Here is an example of what can be done with LAYERS. Not only does it make painting easier by allowing you to paint "underneath" lines, rivets, and other details; but you can create different options in your paint kits that you can turn ON and OFF to suit your needs. This is one of my files for the A2A Mustang.

The blue note points to an expanded layer group in Paint Shop Pro. Helps keep stuff organized when a paint kit grows to a ridiculous number of layers.

The purple note points to my "Hamilton Standard" propeller logos. One version has the gold border and the other has white. I turn one ON and the other OFF to match whatever paint scheme I am trying to mimmic. Same goes for the tire treads, wheels, pilot seat, stripes, etc. Notice how many layers I have turned OFF in the middle column of the layer pallett on the right. Once I have the paint kit built with numerous options, then doing repaints is easier as I turn certain layers ON and OFF.

The cyan and green notes point to a temporary layer whose sole purpose is to give me something to create a shadow from. Once the shadow was created I turned the intial layer off and don't use it. You can see the red boxes that I created and don't use in the final product, and the drop shadow that I do use. (This is also handy in making panels.)

To get started I created a backup of my P-51's folder and put it into an "FSX Backup" folder, away from my installation of FSX. I opened a single layer DDS file (in BMPdxt, then Paint Shop Pro) and started replicating lines and rivets first.
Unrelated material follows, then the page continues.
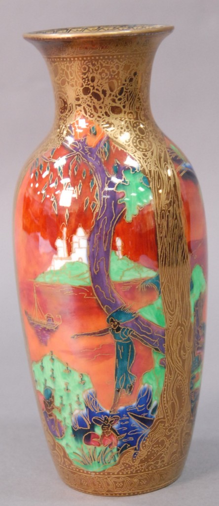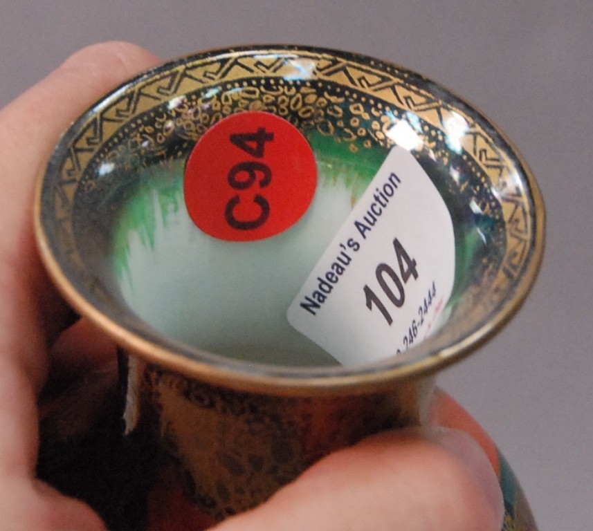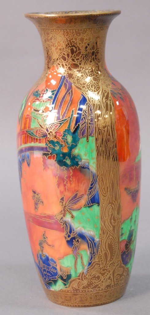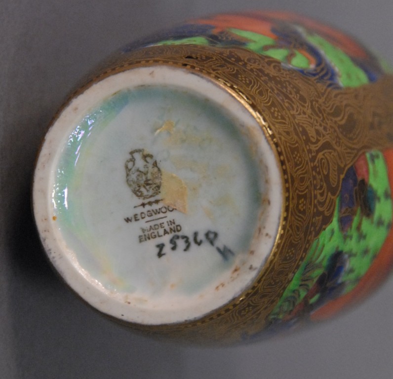 Wedgwood Fairy Luster vase with flared top, numbered 2536PK. height 8in. rim broke and professionally repaired

From there I just added more and more until my wife, dog, and car left me. Seriously, you can spend lots of time on a paint kit, but it's a matter of passion and fun. As long as things are backed up properly then you are free to play with your editing program of choice. Experiment, take notes, and study lots of photos. Have fun with it. And don't try to mimmic what others have done. No one is perfect, but photos are.

Less is often better. It is easy to over-do graphics and the latest cool thing I've learned. Try to keep it subtle and less dramatic.
Imperfect is perfect. Aircraft look much better from further away. When you step up close they appear to be the metal brutes that they are. Panel lines should not be perfect black lines. Use textured black & grays for creating lines and rivets so they fade in and out and nothing is constant.

There is no pure White or Black. Aircraft are dirty, faded, and shiny. For pure white I use RGB 242,240,238. For black I use 16,16,16 gray. I don't use full saturation for colors unless I have an adjustment layer or texture layer on top of them. Less is better. Play around with OPACITY settings for different layers. You can create graphics on a layer, then turn down the opacity setting to change its affect. Too much saturation can make graphics look fake.

You'll want to learn how to use "drop shadows" and "bevels". Shadows and reflections (light) are what make graphics come alive. Proper (and subtle) use of shadows and reflections can make mediocre graphics become life-like. Using drop shadows below lines and rivets makes a huge difference. You can drop a black shadow offset up and to the left, and then drop a white shadow down and to the right and you will end up with a depression (or bump) in the skin around a line of rivets,fastener, etc. Then the OPACITY setting can be changed to make it more subtle.